Four forces are acting on an object. Force 1 has a magnitude of 5N at an angle of 70° above the +x-axis; force 2 has a magnitude of 8N at an angle of 35° above the +x-axis; force 3 has a magnitude of 4N at an angle of 20° above the -x-axis; force 4 has a magnitude of 7N at an angle of 25° to the left of the -y-axis.
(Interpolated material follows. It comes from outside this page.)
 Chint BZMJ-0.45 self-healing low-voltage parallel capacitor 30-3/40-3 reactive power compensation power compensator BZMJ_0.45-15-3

Find the magnitude and direction of the

resultant of these four forces.

This is my work:
V1: 1.7 (x) 4.7(y)
V2: 6.5 (x) 4.5 (y)
V3: -3.8 (x) 1.4 (y)
V4: -6.3 (x) 2.9 (y)
R: -1.9 (x) 13.5 (y)

tan-1(13.5/-1.9) = -81.9

I really don't understand this question!

See current post: Sat, 10-11-14, 11:51AM

To find the magnitude and direction of the resultant of the four forces, you need to calculate the sum of the individual force vectors.
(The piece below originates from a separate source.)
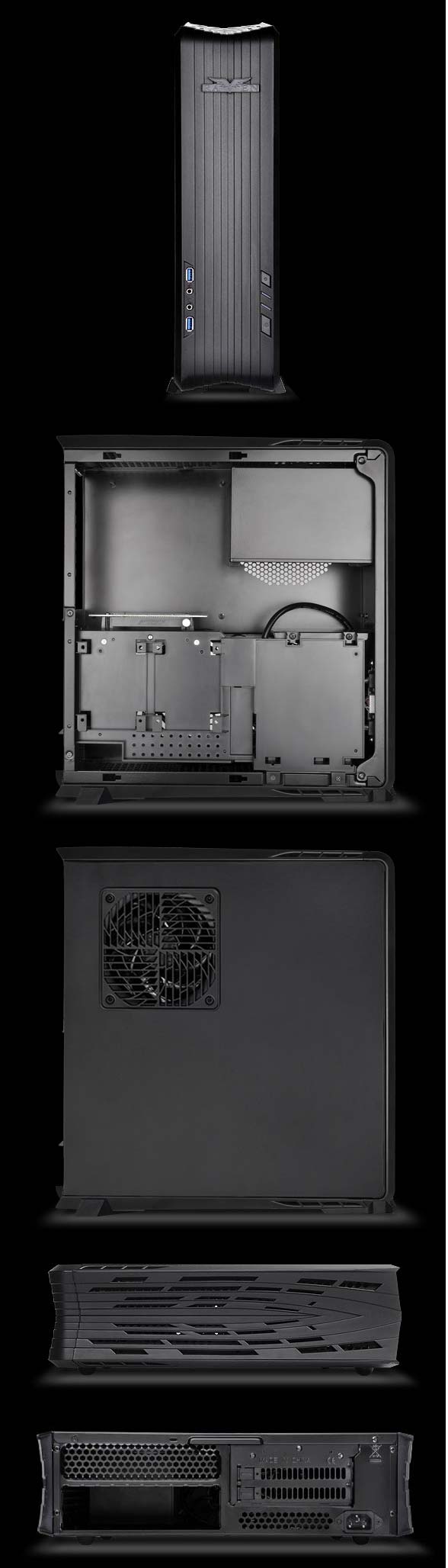 На панели ввода/вывода, находится которая в фронтальной части шасси, можно найти два порта USB 3.0, вход для микрофона и выход на наушники. Система охлаждения корпуса состоит из одного 120мм вентилятора (1500 об/мин, 18 дБ) на верхней стенке и одного такого же в днище, плюс там же есть место для дополнительного "карлсона".

Let's break down the calculation step by step:

1. Resolve each force into its x and y components:
- Force 1: magnitude of 5N at an angle of 70° above the +x-axis.
- x-component: 5N * cos(70°) = 1.7N in the positive x-direction.
- y-component: 5N * sin(70°) = 4.7N in the positive y-direction.
- Force 2: magnitude of 8N at an angle of 35° above the +x-axis.
- x-component: 8N * cos(35°) = 6.5N in the positive x-direction.
- y-component: 8N * sin(35°) = 4.5N in the positive y-direction.
- Force 3: magnitude of 4N at an angle of 20° above the -x-axis.
- x-component: 4N * cos(180° - 20°) = -3.8N in the negative x-direction.
- y-component: 4N * sin(180° - 20°) = 1.4N in the positive y-direction.
- Force 4: magnitude of 7N at an angle of 25° to the left of the -y-axis.
- x-component: 7N * cos(90° + 25°) = -6.3N in the negative x-direction.
- y-component: 7N * sin(90° + 25°) = 2.9N in the positive y-direction.

2. Add up the x and y components separately:
- x-components sum: 1.7N + 6.5N - 3.8N - 6.3N = -1.9N.
- y-components sum: 4.7N + 4.5N + 1.4N + 2.9N = 13.5N.
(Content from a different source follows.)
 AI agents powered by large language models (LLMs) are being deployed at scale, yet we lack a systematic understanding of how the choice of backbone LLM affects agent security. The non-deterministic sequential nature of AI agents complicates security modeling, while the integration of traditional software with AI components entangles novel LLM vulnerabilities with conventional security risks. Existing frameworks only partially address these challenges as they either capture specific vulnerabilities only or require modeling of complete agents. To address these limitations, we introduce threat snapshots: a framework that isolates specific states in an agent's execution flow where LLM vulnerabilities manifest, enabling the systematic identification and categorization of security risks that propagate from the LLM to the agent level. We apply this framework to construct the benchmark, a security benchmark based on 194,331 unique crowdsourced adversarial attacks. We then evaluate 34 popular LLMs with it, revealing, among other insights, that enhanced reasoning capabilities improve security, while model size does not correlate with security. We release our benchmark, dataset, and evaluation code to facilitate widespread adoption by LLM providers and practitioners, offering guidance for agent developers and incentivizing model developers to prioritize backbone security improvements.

3. Determine the magnitude of the resultant:
- Magnitude = √((-1.9N)^2 + (13.5N)^2) = √(3.61N^2 + 182.25N^2) = √(185.86N^2) = 13.62N.

4. Determine the direction of the resultant:
- tan^(-1)(13.5N / -1.9N) = -81.9° (rounded to one decimal place).
- The negative sign indicates the direction in the negative x-axis, and the value of 81.9° is the angle with respect to the positive x-axis.

Therefore, the magnitude of the resultant force is 13.62N, and its direction is -81.9° (with respect to the positive x-axis). Note that direction is usually measured counterclockwise from the positive x-axis in the range of -180° to 180°.